Top 10 Undervalued Stocks Based On Cash Flows

NameCurrent PriceFair Value (Est)Discount (Est)
Trisul (BOVESPA:TRIS3)R$4.62R$9.2249.9%
EnomotoLtd (TSE:6928)¥1472.00¥2940.2849.9%
WuXi XDC Cayman (SEHK:2268)HK$19.64HK$39.1649.8%
STAAR Surgical (NasdaqGM:STAA)US$33.09US$65.9149.8%
Manorama Industries (BSE:541974)₹836.80₹1665.5149.8%
WEX (NYSE:WEX)US$191.02US$379.6949.7%
AK Medical Holdings (SEHK:1789)HK$4.16HK$8.3250%
Carter Bankshares (NasdaqGS:CARE)US$17.30US$34.5649.9%
Hiconics Eco-energy Technology (SZSE:300048)CN¥4.34CN¥8.6549.8%
Cellnex Telecom (BME:CLNX)€34.93€69.5249.8%

Click here to see the full list of 967 stocks from our Undervalued Stocks Based On Cash Flows screener.

Let's take a closer look at a couple of our picks from the screened companies.

Turkiye Garanti Bankasi (IBSE:GARAN)

Overview: Turkiye Garanti Bankasi A.S. offers a range of banking products and services in Turkey, with a market cap of TRY471.66 billion.
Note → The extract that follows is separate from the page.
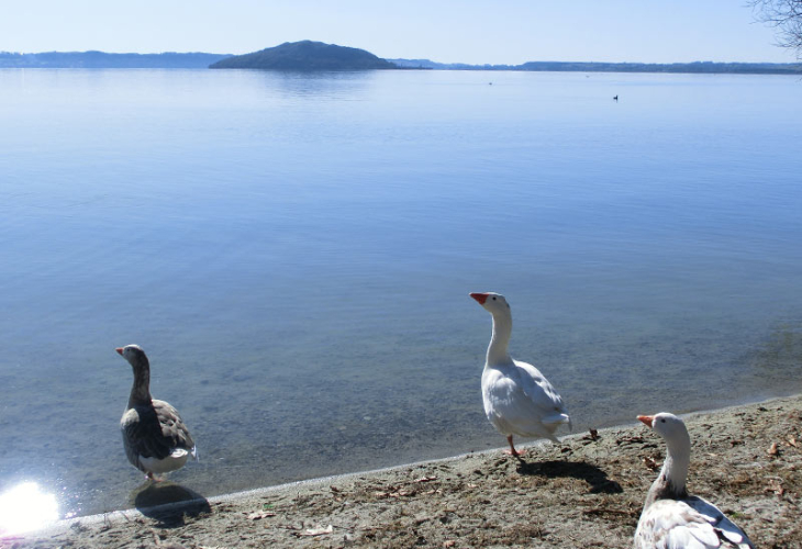ロトルア湖畔では、静かな水辺と温泉の湯けむりが織りなす絶景を楽しめます。

Operations: The company's revenue segments include Retail Banking (TRY95.70 billion), Investment Banking (-TRY98.03 billion), and Corporate and Commercial Banking (TRY111.49 billion).

Estimated Discount To Fair Value: 41.4%

Turkiye Garanti Bankasi appears undervalued based on cash flows, trading at TRY 112.3, which is 41.4% below its estimated fair value of TRY 191.5. Recent earnings show significant growth with Q2 net income at TRY 21.87 billion compared to TRY 18.22 billion a year ago and strong revenue forecasts of 27.1% per year, outpacing the market's growth rate of 24.1%. However, it has an unstable dividend track record and slower expected earnings growth than the TR market.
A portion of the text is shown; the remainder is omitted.